#### Data below
------------------------------------------------

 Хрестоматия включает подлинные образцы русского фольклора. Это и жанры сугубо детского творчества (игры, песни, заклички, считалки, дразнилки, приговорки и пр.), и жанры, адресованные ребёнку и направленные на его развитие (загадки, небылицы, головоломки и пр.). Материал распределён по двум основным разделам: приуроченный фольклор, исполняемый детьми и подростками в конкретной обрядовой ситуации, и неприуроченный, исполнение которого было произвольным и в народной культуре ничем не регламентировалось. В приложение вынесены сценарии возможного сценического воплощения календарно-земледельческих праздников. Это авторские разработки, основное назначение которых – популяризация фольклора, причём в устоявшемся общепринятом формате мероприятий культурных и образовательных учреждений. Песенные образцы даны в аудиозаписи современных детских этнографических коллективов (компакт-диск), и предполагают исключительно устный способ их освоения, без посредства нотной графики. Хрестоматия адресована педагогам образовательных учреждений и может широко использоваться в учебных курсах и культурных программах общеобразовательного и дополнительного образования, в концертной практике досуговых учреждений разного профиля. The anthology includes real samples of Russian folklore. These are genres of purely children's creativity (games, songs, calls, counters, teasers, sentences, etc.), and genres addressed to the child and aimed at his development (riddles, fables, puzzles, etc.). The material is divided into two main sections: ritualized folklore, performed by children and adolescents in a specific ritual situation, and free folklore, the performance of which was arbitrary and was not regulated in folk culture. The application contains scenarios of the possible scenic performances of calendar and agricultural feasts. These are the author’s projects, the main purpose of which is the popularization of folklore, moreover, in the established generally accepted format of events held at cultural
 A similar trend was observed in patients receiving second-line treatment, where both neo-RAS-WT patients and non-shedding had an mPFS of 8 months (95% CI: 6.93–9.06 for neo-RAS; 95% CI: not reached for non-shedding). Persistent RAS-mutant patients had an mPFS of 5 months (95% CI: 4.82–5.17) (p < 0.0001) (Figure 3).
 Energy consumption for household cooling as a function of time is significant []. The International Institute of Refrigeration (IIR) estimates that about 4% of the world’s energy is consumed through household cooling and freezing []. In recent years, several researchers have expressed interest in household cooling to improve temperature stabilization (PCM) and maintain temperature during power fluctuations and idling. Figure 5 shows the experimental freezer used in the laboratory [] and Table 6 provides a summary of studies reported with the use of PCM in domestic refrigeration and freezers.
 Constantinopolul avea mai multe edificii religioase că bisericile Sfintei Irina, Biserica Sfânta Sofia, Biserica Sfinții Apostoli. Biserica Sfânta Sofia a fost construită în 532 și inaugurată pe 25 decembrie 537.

------------------------------------------------

From the material above, give the number of lines that contain the string "Figure", without any added remark.

#### Solution to the problem
2